On Mon, 01 Dec 2008 20:40:14 +0100
Florian Klaempfl <florian at freepascal.org> wrote:

> Mattias Gaertner schrieb:
> > On Mon, 01 Dec 2008 16:36:23 +0100
> > Florian Klaempfl <florian at freepascal.org> wrote:
> >> [...] Martin Friebe schrieb:
> >>> I can not see how I can interpret RtlString[1]. If the result is
> >>> bigger than 128, then I must know what type it is. If it is ANSI,
> >>> it is a single byte char. If it is utf8, it is a sub-codepoint
> >>> which will be part of a codepoint.
> >>> If it is widestring, well yes, here breaks my assumption that
> >>> RtlString[1] returns a byte.... ouch
> >> I see this as a theoretic consideration. Please give a real world
> >> (!) code example when this causes a problem.
> > Can you give a real world example where a different RTLString for
> > each platform solves a problem?
> It solves for example the problem that there are platforms where no
> unicode support is available or desired 


> and it avoids unneeded conversions. 

I understand it 'avoids unneeded conversions' *inside* the RTL, by
adding implicit conversions to the code accessing the RTL.
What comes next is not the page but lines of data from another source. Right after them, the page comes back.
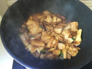 我先炒了一下支竹,是错的,应该先炒肉,再放支竹和豆腐,适当加点水。加盐和蚝油调味。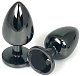 Черная металлическая анальная пробка с черным стразом - 7,5 см.
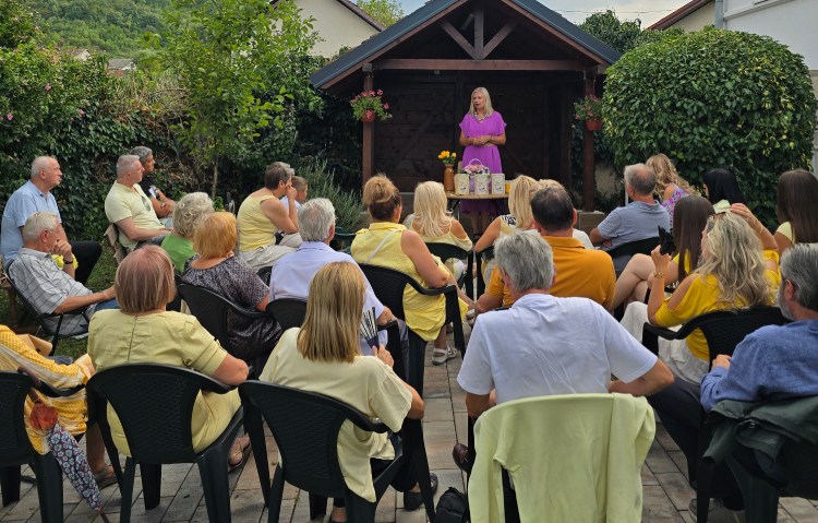 Arhitekti Anđelki (Ani) Mandić ne manjka entuzijazma. Ona u dvorištu porodične kuće u Sedlarima nadomak Valjeva organizuje književne promocije. Autorka Ljiljana Šarac je 16. avgusta po drugi put bila njena gošća (prvi put se sedlarskoj publici predstavila 2021). Slavio se mali jubilej jer je to 15. promocija održana na tom autentičnom idiličnom mestu.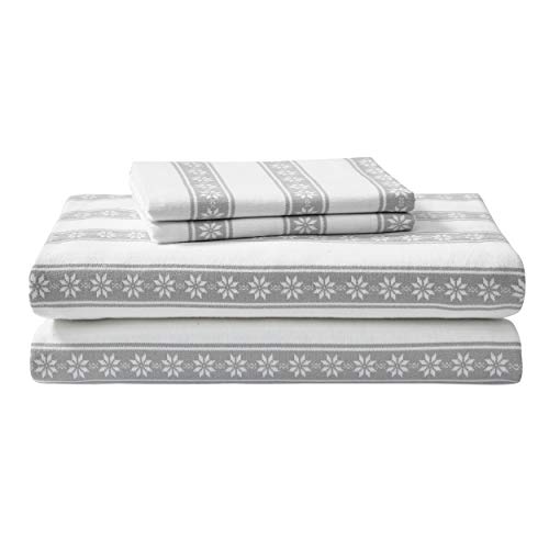 Eddie Bauer Sängkläder, dubbelsäng, lakan, varm ventilerande bomullsflanell, med djupa fickor, borstade för extra mjukhet, mysig heminredning, Oeko-Tex-certifierad (Snowflake Fair Isle, dubbelsäng)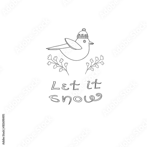 © Graphicsnice, Fototapeta premium Śliczne zimowe ptaszki z napisem Let It Snow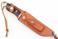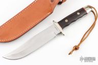 This bowie from A.G. Russell features a satin finished blade with a false top edge, .225" blade stock and 1.522" blade depth, full tang construction. The handle has nickel silver guard and butt, and black wood scales with red spacers. Comes with original brown leather sheath with belt loop. Has some scratches, otherwise excellent condition. Dated 2004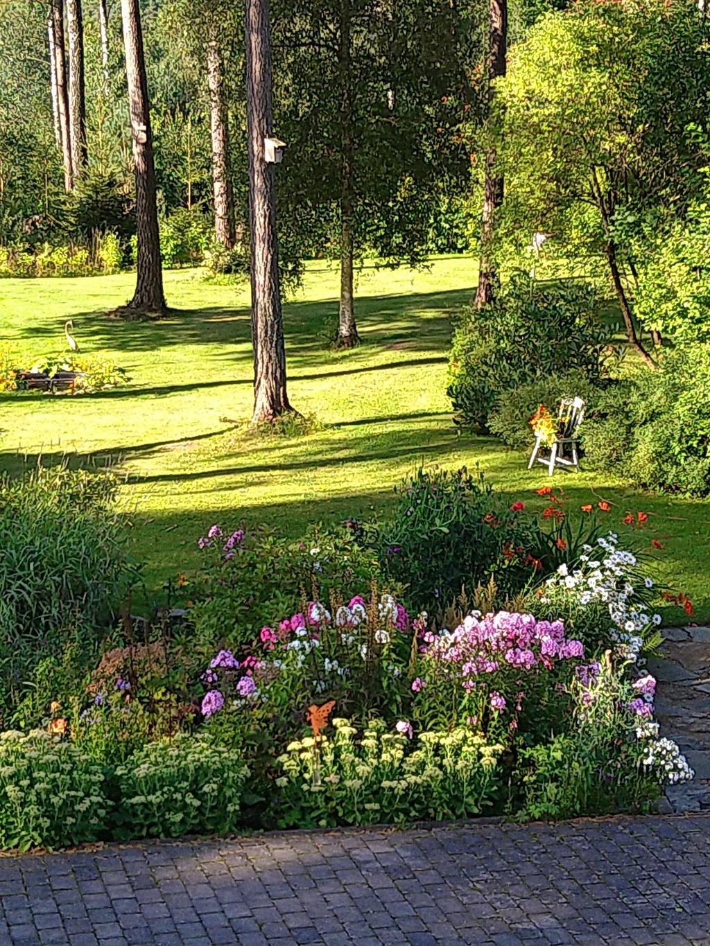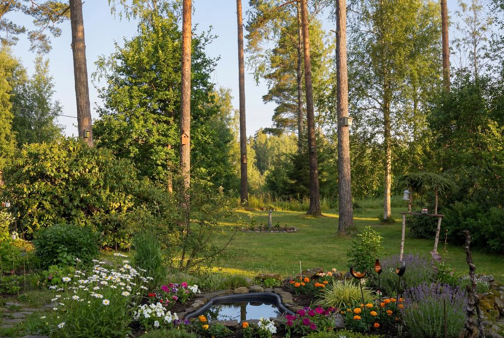 Trädgården är en grönskande oas och en plats att njuta av odling, blomsterprakt och stilla stunder. Därtill finns även utrymme för barnens lek på den stora gräsmattan. I omgivningarna hemma på Häröd finns mängder av härliga promenadstigar där det går att finna fynd i form av både bär och svamp.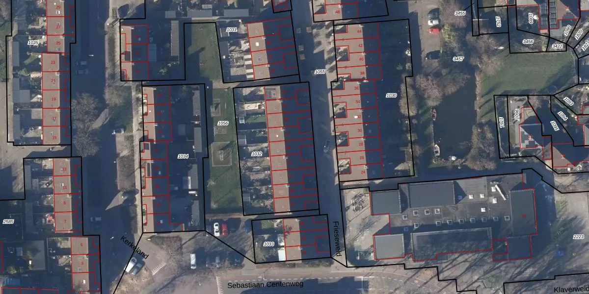Het perceel waarop Frieseweid 55 staat heeft een oppervlakte van 1113 m². Dit is een zeer groot perceel. De perceeloppervlakte wordt geregistreerd door het Kadaster. Gedetailleerde informatie over de maten van dit perceel kunt u vinden in het rapport Kadastrale kaart met maatvoering van Frieseweid 55.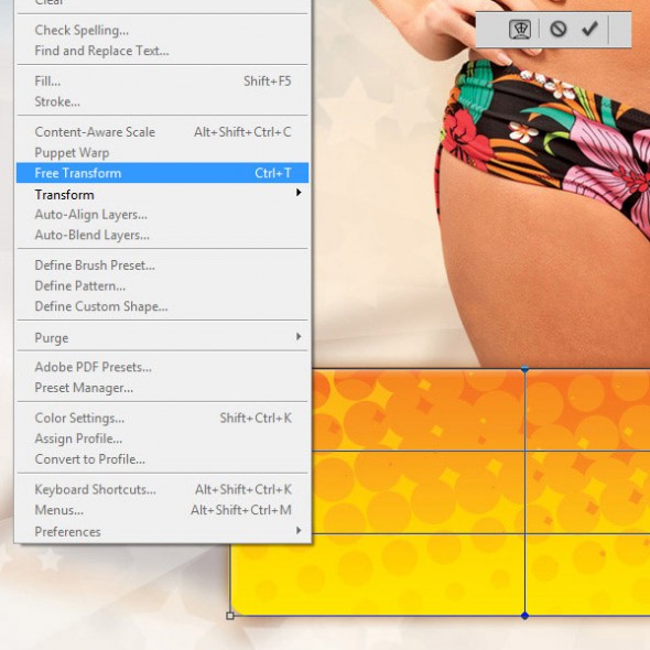 Оставаясь на этом слое выбираем Edit — Free Transform (ctrl+T)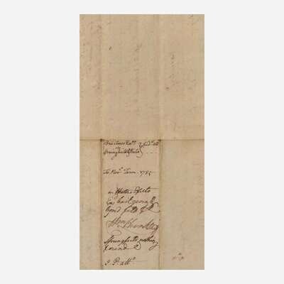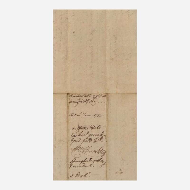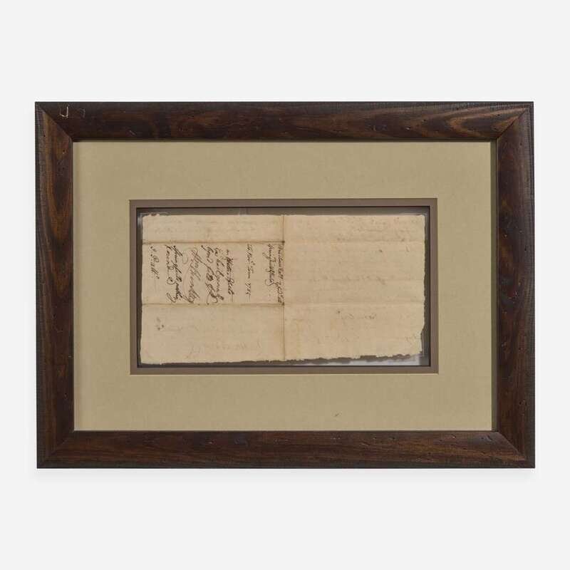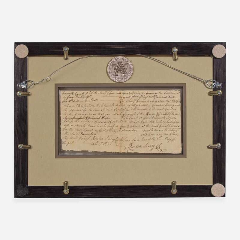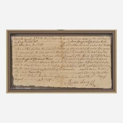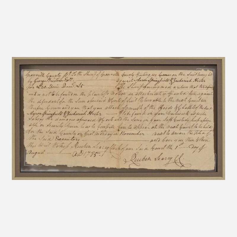 Granville County (North Carolina), August 1, 1785. Single sheet, 4 3/4 x 9 in. (121 x 228 mm). Manuscript document, initialed by Signer of the Declaration of Independence from North Carolina, John Penn ("J.P. Atto."), endorsing a warrant for Aaron Springfield and Zachariah Hester to appear in court against George Bristow; counter-signed by clerk Reuben Searcy. Creasing from old folds, a few small tears along same. In mat and in frame, unexamined out of frame, 11 3/4 x 16 in. (298 x 406 mm).
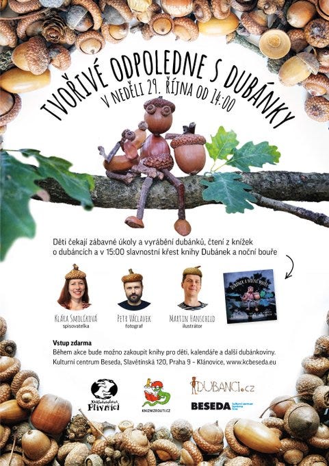 Pokud budete mít v neděli 29. října cestu kolem Prahy Klánovic, zastavte se ve zdejším kulturním centru Beseda, kde bude od 14 hodin probíhat Tvořivé odpoledne s dubánky a poté v 15:00 proběhne slavnostní křest naší nové knížky. Jste srdečně zváni, vstup zdarma.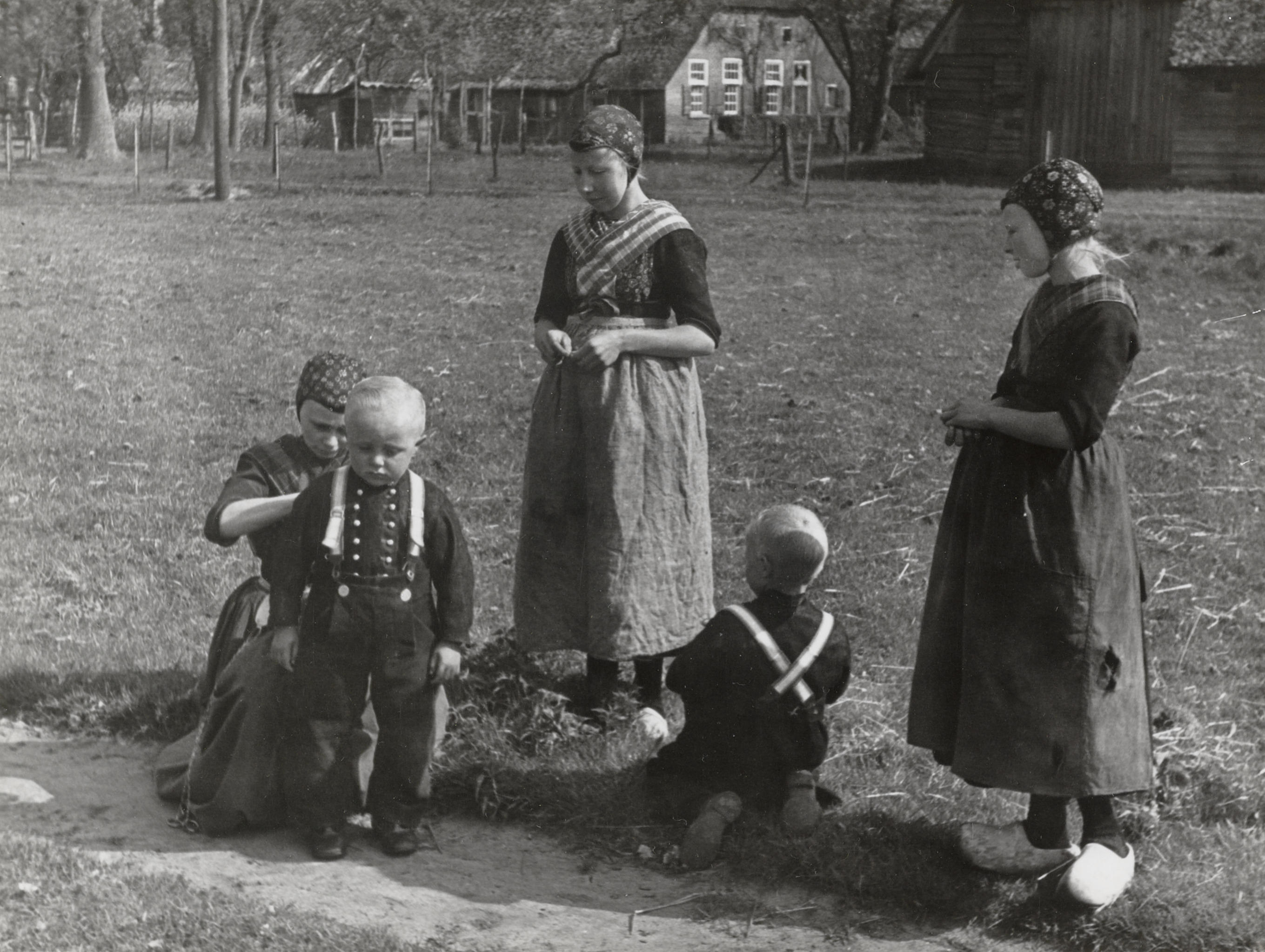 Vier 'kralenboordjes', Staphorst, 1944 (zwart-wit foto)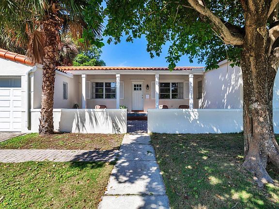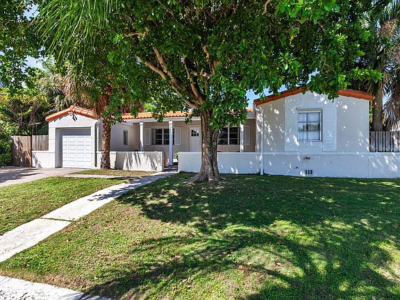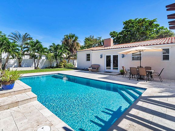 Rare find in desirable Northwood Shores! This 1947, cement block, home offers 2 bedrooms, 2 baths plus a den/nursery/hobby room. When entering the home, you will be greeted by a bright, open 28 X 15 living/dining/family area with vaulted cypress ceilings, original tongue and grove hardwood floors and brick fireplace. The bathrooms have been tastefully renovated and the spacious kitchen has been updated with wood cabinets, granite countertops, stainless steel appliances, 5-burner gas stove, tile flooring and impact french doors leading to the spacious fenced in backyard. The kitchen also has a rare, original corner brick fireplace. The current owner added an amazing 30 X 15 pool in 2018 with Travertine decking and a sturdy, attractive gazebo with an attached natural gas grill. Additional upgrades include a newer 2 zone HVAC and natural gas, tankless water heater. The one car garage, driveway and additional street parking provide great parking for friends, and family. Close to North Flagler Drive, Intracoastal Waterway, downtown and PBI. Please make an appointment to see this special property in one of the most sought-after areas in West Palm Beach. Photos are virtually staged.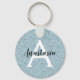 Girly and glam blue silver glitter sparkles monogram name and initial keychain. Personalize with your custom name in an elegant black script and your monogram initial in white. You can change the text colour and font style and size using the customize option.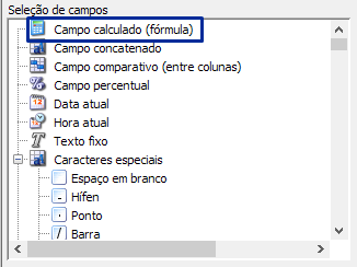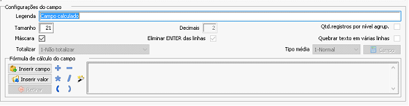 Como alguns campos de relatórios do SIGER® são calculados no processamento e não são gravados diretamente nos arquivos, o gerador possibilita que sejam feitos cálculos. Dentre as opções de campo, há o Campo Calculado.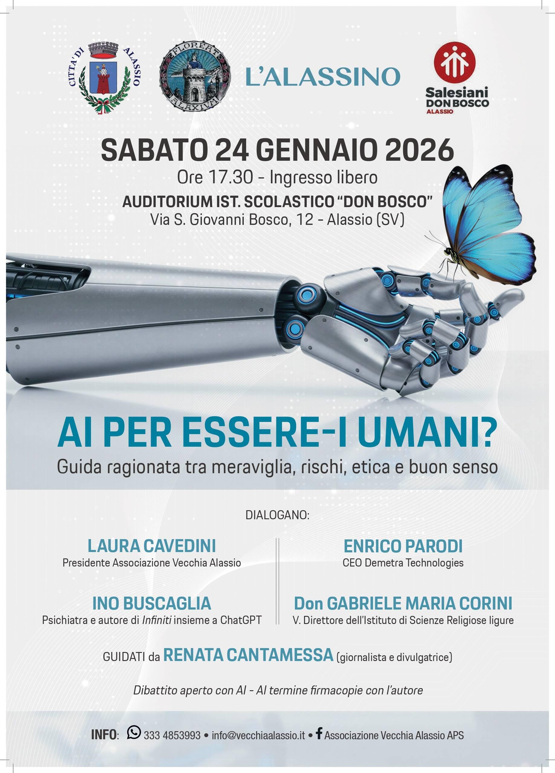 Dialogano: Laura Cavedini (Presidente Associazione Vecchia Alassio); Enrico Parodi (CEO Demetra Technologies); Ino Buscaglia (Psichiatra e autore di Infiniti insieme a ChatGBT); Don Gabriele Maria Corini (V. Direttore dell'Istituto di Scienze Religiose ligure)

> I'd be fine using utf-16 on all platforms :)

Me2. At least for the file functions.
I have some doubt about the classes.pp.

> >> If you assign the result of an rtl function to an rtlstring, this
> >> means you don't care about the type of rtlstring[1] or the
> >> knowledge, that it's type is rtlchar is enough for you. If you
> >> assign it to an ansistring/widestring whatever, you know what you
> >> get.
> > What string type will be TStrings.Items and the many other strings
> > in the classes.pp?
> Not yet decided though I'd make them RTLString as well.

TStrings is dog slow and the only reason, why it was still reasonable
was assigning strings was only reference counting.
If TStrings uses a platform dependent string, this is a big
performance problem.